Kaua koe e raweketia ngā wāhi tapu,me ngā wāhi motuhake rānei
Leave What You Find
"Long ago the Old People learned to share without touching, to take but not destroy, to merge with the wairua of their creation and to respect with love. In this action of heart and mind, the secrets of the forests, mountains and rivers were thus revealed"Mitaki Ra
People visit natural areas for many reasons, among them to explore nature’s mysteries and surprises.
When we leave rocks, shells, plants, feathers, fossils, artefacts and other objects of interest as we find them, we pass the gift of discovery on to those who follow. Leaving what you find should be your first thought when you find something interesting or attractive.
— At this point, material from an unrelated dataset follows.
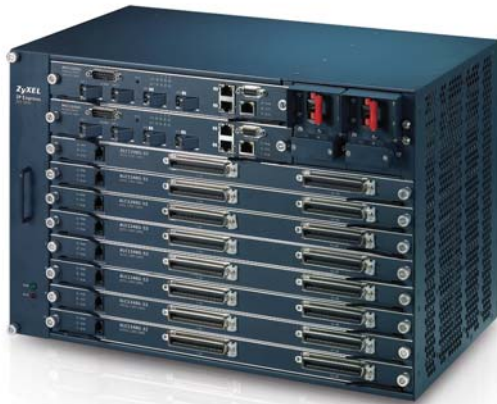
IES-5000 6.5U IP DSLAM with DC Power

There may be times and places when it is OK to collect something (for example for a child to collect some seashells or pretty rocks on a beach). But remember, we humans are very good at taking without thinking and there should be places where we show self-control. Mostly it is better to hold back and leave what we find, rather than have a shelf full of lifeless and dusty unvalued souvenirs.
Particularly, never disturb culturally sensitive sites.
Leave What You Find also means don’t introduce invasive species. New Zealand has among the highest rates of pests in the world and we spend a great deal of our efforts maintaining bio-security at entry ports. In the outdoors, it is critical that we avoid spreading diseases and pests such as Kauri die-back and didymo (rock snot) among others. Inform yourself about at-risk areas and protect our national taonga (treasures) such as Kauri and clear waterways.